I think my biggest issue with Chibnall, even aside from the wonky plotting and pacing issues, is that his emotional scenes rarely land with me. Half the time I'm left wondering why the characters are feeling what they're feeling (WHY is Yaz so angry at the Doctor for being in jail? WHY is the Doctor acting like she let Yaz down, by being in jail?) and the other half the time I understand it but I just don't... feel it. RTD and Moffat had their problems, but when they wanted you to feel sad you were sad. RTD's early episodes were really weird that way, because they could be almost as clumsy as Chibnall but then he'd hit you with some genuinely devastating scene. Chibnall just doesn't have the chops for that. Some of the unpopular stuff returning here, like the Lilo and Stitch alien and the pseudo-Trump guy, almost make it seem like Chibnall is trolling us. I've heard that Broadchurch was supposed to be really good, but that's kind of hard to imagine based on what we've seen here.

That Ellard thread mentioned the weirdness of the Doctor casually imploding a TARDIS when they've suddenly become quite rare, but I'd add that it's even more weird when the show has semi-recently established (after hinting at it for many years) that TARDISes are sentient, with personalities and strong opinions. I can see the Doctor sending a TARDIS on a suicide mission to take out a bunch of Daleks, with the consent of the TARDIS, but it seems like it would be a much more grave affair than we saw here.
posted by Ursula Hitler at 5:25 PM on January 3, 2021 [9 favorites]


Yeah, I was thinking the same sort of problem. I mean, OK, Star Trek: Discovery has had 41 episodes with the crew together and Thirteen has only had 22 episodes with her companions, but I'm still more emotionally invested in the activities of Michael Burnham and Saru in a way that Thirteen really hasn't managed. I don't think it's a problem with Whittaker, but the last 2 seasons have been both kind of lifeless _and_ unemotional, which is no way to go through television. They've been watchable, and maybe they're hitting the metrics that they're aiming for, and maybe it's just that subscription TV has just caught up with and surpassed the quality that broadcast TV can offer? But I can't even think of any specific critiques, either.
posted by Kyol at 8:09 PM on January 3, 2021 [1 favorite]


I hated every bit of this so much that I barely registered Captain Jack (always awesome). Fuck the Gwen shout-out. That character was worse than than Owen.
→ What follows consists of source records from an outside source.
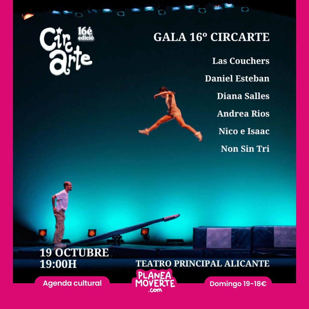 Gala de Circo en el teatro principal de alicante para público familiar el 19 de octubreEl Festival Circarte celebra su 16ª edición con la Gran Gala de Circo. Un espectáculo único creado para la ocasión, que muestra la poética, el humor, las capacidades sobrehumanas y la belleza de artistas que entienden al circo como expresión artística, sin explotación humana ni animal, como medio de intercambio y fusión cultural.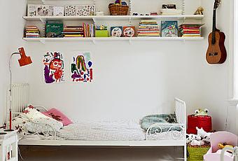 Algo arriesgado pero se puede. En esta casa los dos niños duermen juntos en una habitación amplia con grandes ventanales y techos altos de tres metros. El suelo es de madera pintado en blanco al igual que las paredes. Tienen espacio para sus dos camitas con aire retro de Ikea modelo Minnem y una zona de juego donde tienen una mesa de madera con sus sillas. Del techo cuelga una lámpara de papel y del cabecero un flexo estilo industrial para una luz más cálida. El total white del cuarto lo rompe el color de la guirnalda de la ventana, los juguetes ordenados en las baldas, las cestas de mimbre de colores y los cojines y sábanas de diferentes estampados. No podía faltar la mantita de ganchito en los pies para rematar la decoración de esta habitación sencilla pero con mucho gusto en la que los niños disfrutan a su aire, ¿no os lo parece?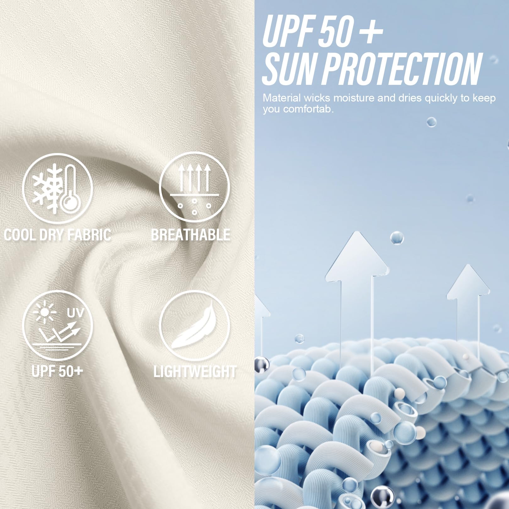 Sun Protection: UPF 50+ fabric provides maximum sun protection against harmful ultraviolet rays and reduces your exposure to harmful UVA/UVB radiation, when you are fishing,cimbing or travelling.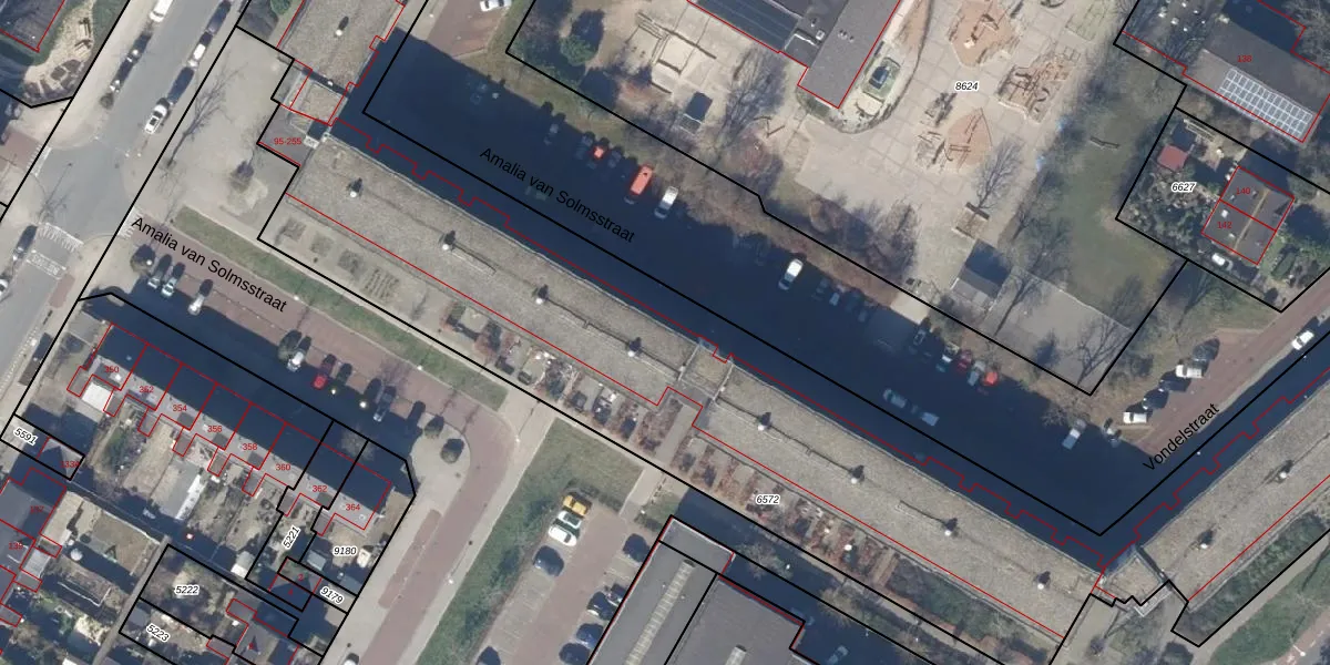 Het perceel waarop Amalia van Solmsstraat 239 staat heeft een oppervlakte van 6869 m². Dit is een zeer groot perceel. De perceeloppervlakte wordt geregistreerd door het Kadaster. Gedetailleerde informatie over de maten van dit perceel kunt u vinden in het rapport Kadastrale kaart met maatvoering van Amalia van Solmsstraat 239.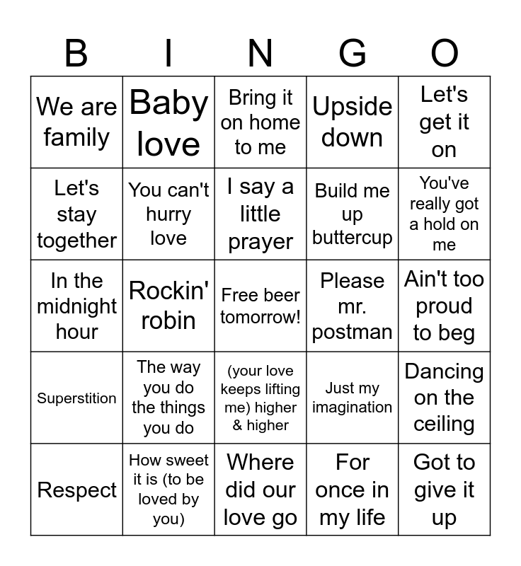 This bingo card has a free space and 34 words: I heard it through the grapevine, For once in my life, Dancing in the street, I want you back, Superstition, You can't hurry love, Let's get it on, Respect, Baby love, Being with you, I say a little prayer, Bring it on home to me, Hold on, I'm comin, ABC, Please mr. postman, You've really got a hold on me, How sweet it is (to be loved by you), In the midnight hour, The way you do the things you do, Just my imagination, (your love keeps lifting me) higher & higher, Stop! in the name of love, We are family, Ain't too proud to beg, Where did our love go, Got to give it up, Upside down, Give it to me baby, Build me up buttercup, Let's stay together, Sir duke, Rockin' robin, Dancing on the ceiling and Brick house.
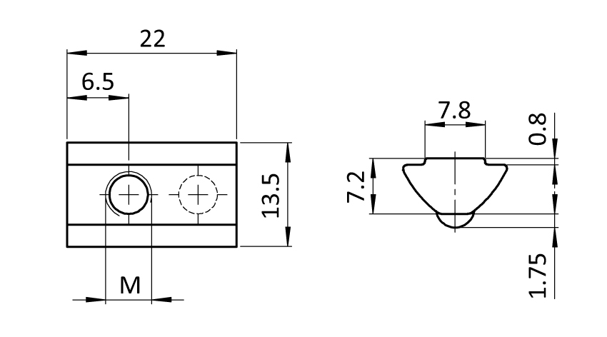 Nutenstein Nut 8 M8 13,5x7,2mm, einschwenkbar, Führungssteg; I=22mm,

The strangest, most insidious decision was retconning the summer's protests into mindless riots. People were mostly peacefully marching to bring attention to long-standing injustices. There was pushback, in the show, against using the Daleks but no pushback against the portrayl of the protests. Which says a lot about how the writers see the world. Fuck the constant killing off of black, male actors. I guess that was the only way Ryan could be allowed to leave intact. Fuck all that shit.

And the relationship between the Doctor and the companions is fucking weird. She was gone 29 years from her POV and they're all acting like she was somebody's wife who had gone out for cigarettes one day and never came back. It was just ten months for them! The Eccleston incarnation took 20 yrs, I think, to give Sarah Jane a proper goodbye.
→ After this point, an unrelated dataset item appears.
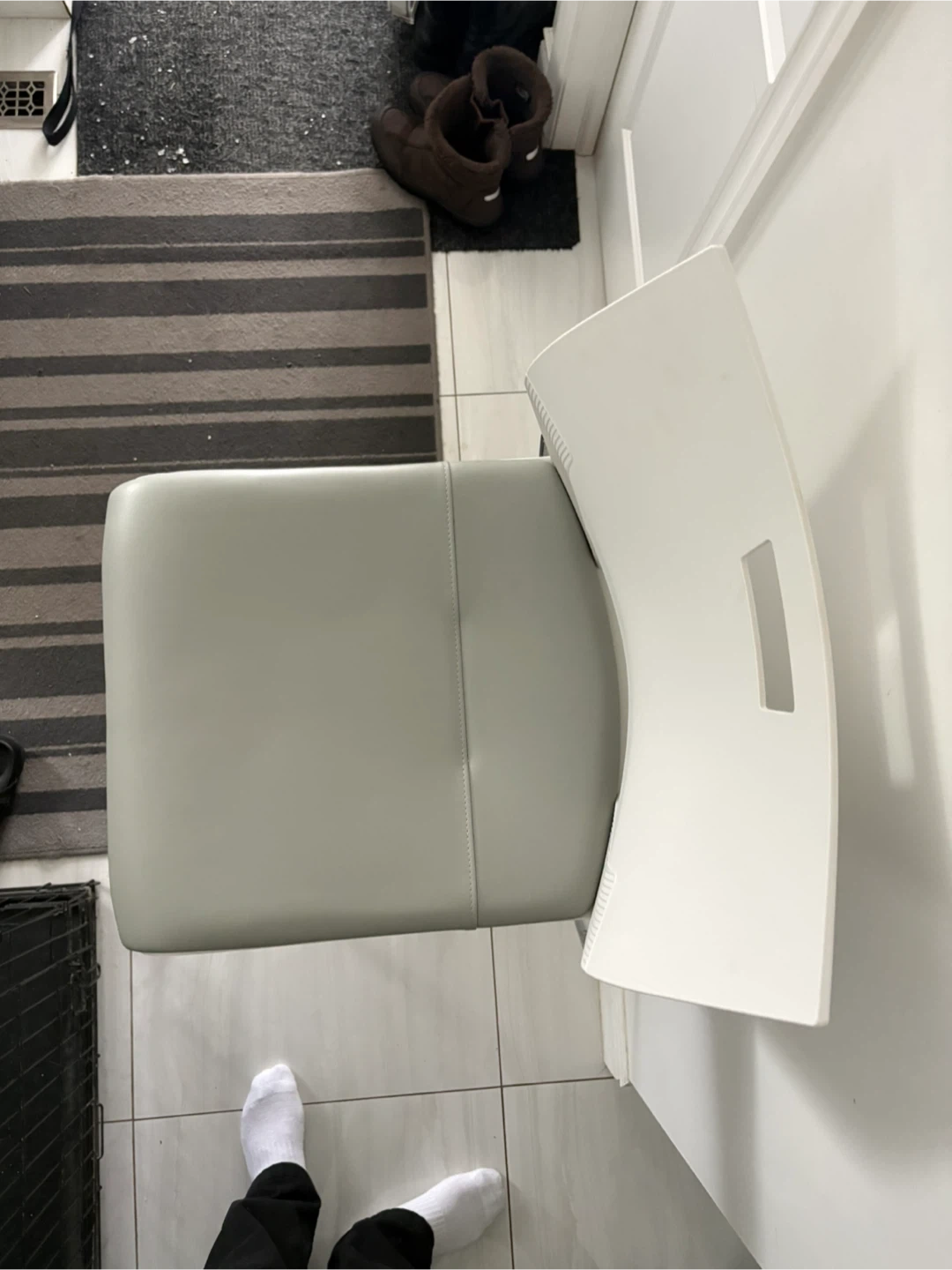 Selling a bar stool with a white back and grey seat. It has a sleek, modern design and would look great in any kitchen or bar area. The seat is padded for extra comfort!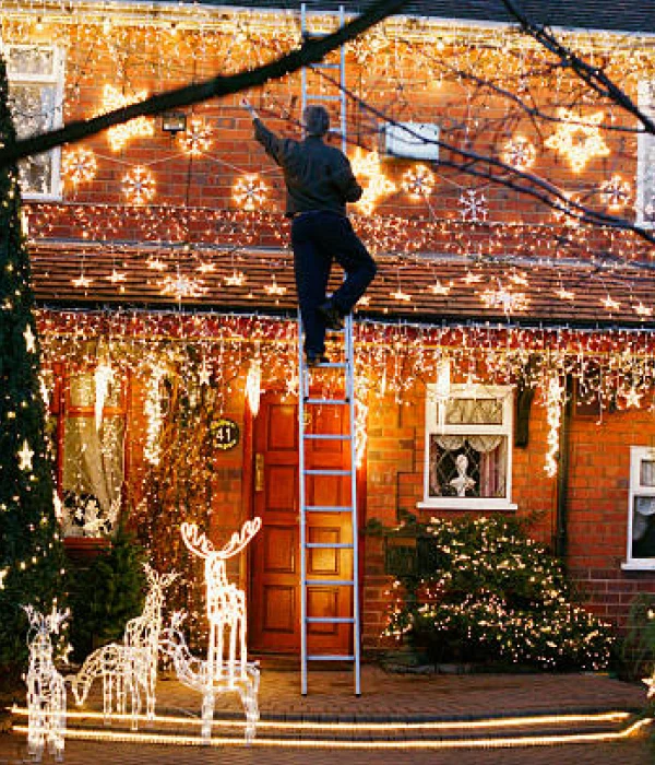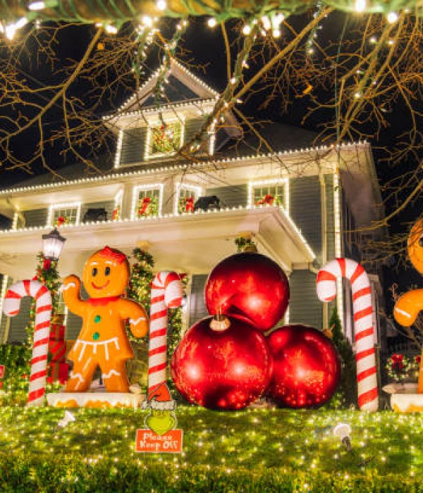 We install roofline lights, wrap trees and shrubs, and set yard figures with timers for easy on/off. Clean, safe, and festive—without the ladder.

Plus, the Doctor shouldn't need rescuing. Does anyone remember that the Capaldi incarnation spent centuries wearing down prison walls? That was earned emotion. That was The Doctor. If she spent 29 yrs in that stupid prison it should have been because she was keeping someone company or taking a vacation or plotting someone else's rescue. She's capable of so much more than this utterly stupid storyline.

Give the show a break for a few decades. Or send it to a farm upstate.
posted by jojo and the benjamins at 10:37 PM on January 3, 2021 [3 favorites]
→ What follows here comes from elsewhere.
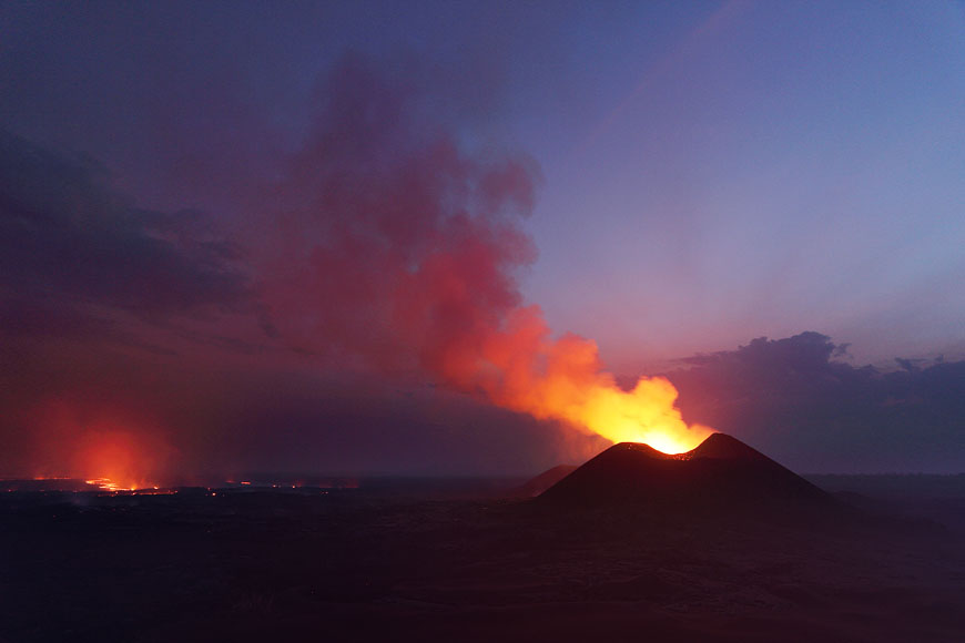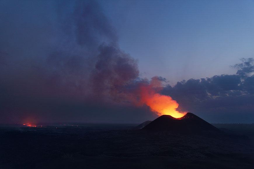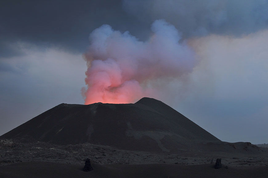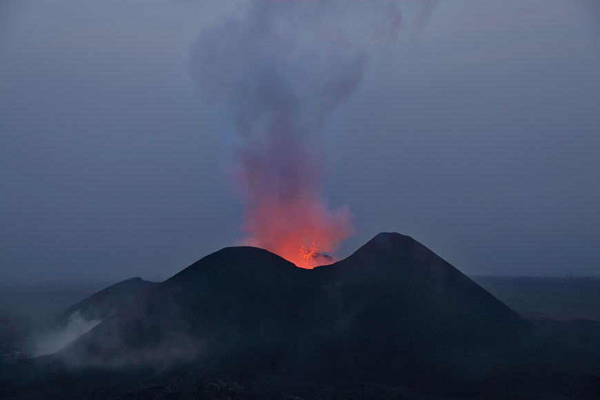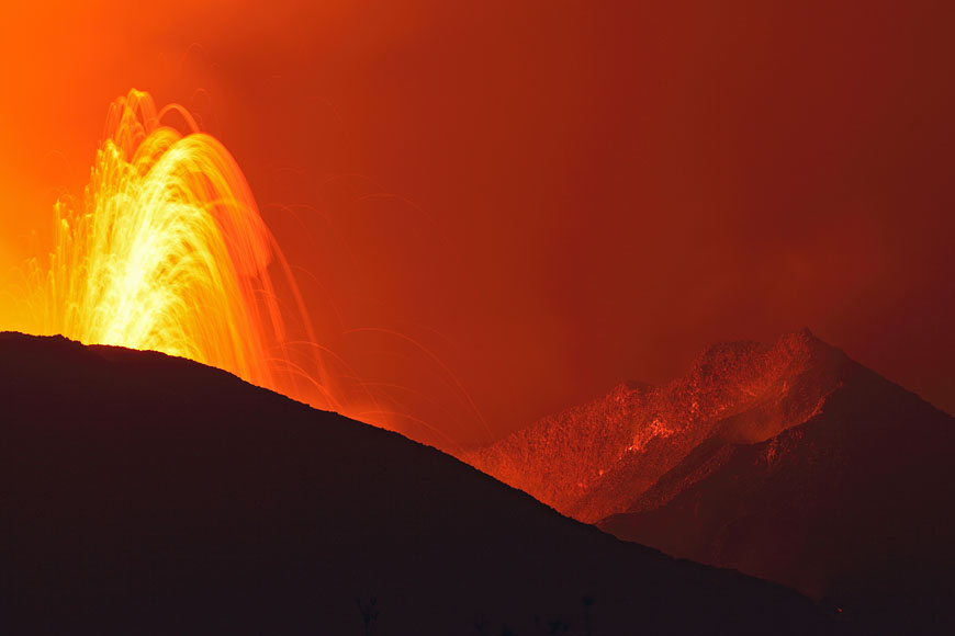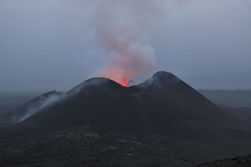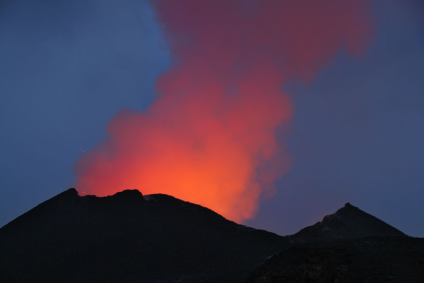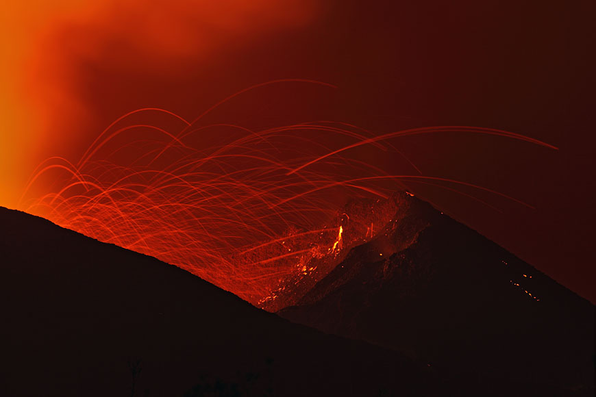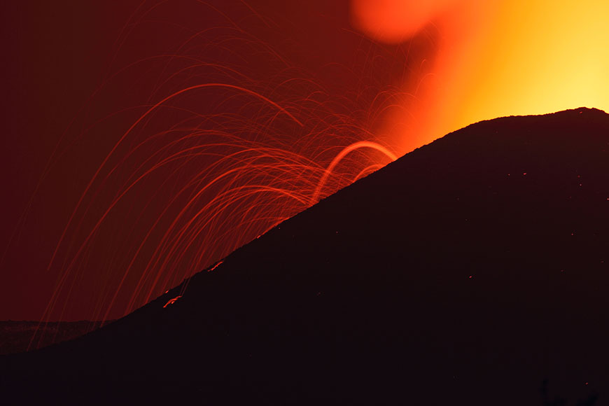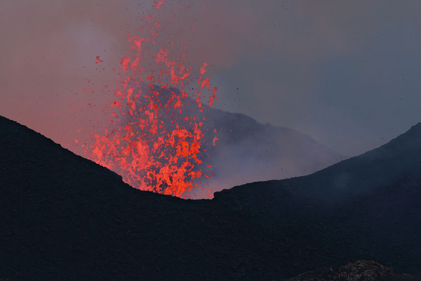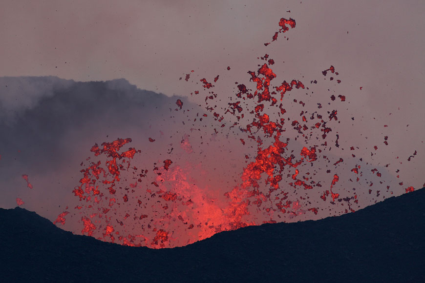 Lava jet escaping from permanently active lava lake inside northernmost crater |

This show needs a Bryan Fuller at the helm.
posted by Marticus at 11:34 PM on January 3, 2021


The strangest, most insidious decision was retconning the summer's protests into mindless riots.

It was actually shot in 2019, months before the protests. That also explains the very 2019 shout-out to J.K. Rowling. I was kind of surprised they didn't cut that, actually. (In fairness to the Doctor, if she's been in space prison for years I suppose she may have missed hearing about Rowling's transphobic meltdown.)
posted by Ursula Hitler at 2:18 AM on January 4, 2021 [3 favorites]


That also explains the very 2019 shout-out to J.K. Rowling. I was kind of surprised they didn't cut that, actually. (In fairness to the Doctor, if she's been in space prison for years I suppose she may have missed hearing about Rowling's transphobic meltdown.)

Possibly. It certainly gave me whiplash to see a character who had recently changed gender presentation quoting a transphobe.
posted by Mogur at 12:24 PM on January 4, 2021 [2 favorites]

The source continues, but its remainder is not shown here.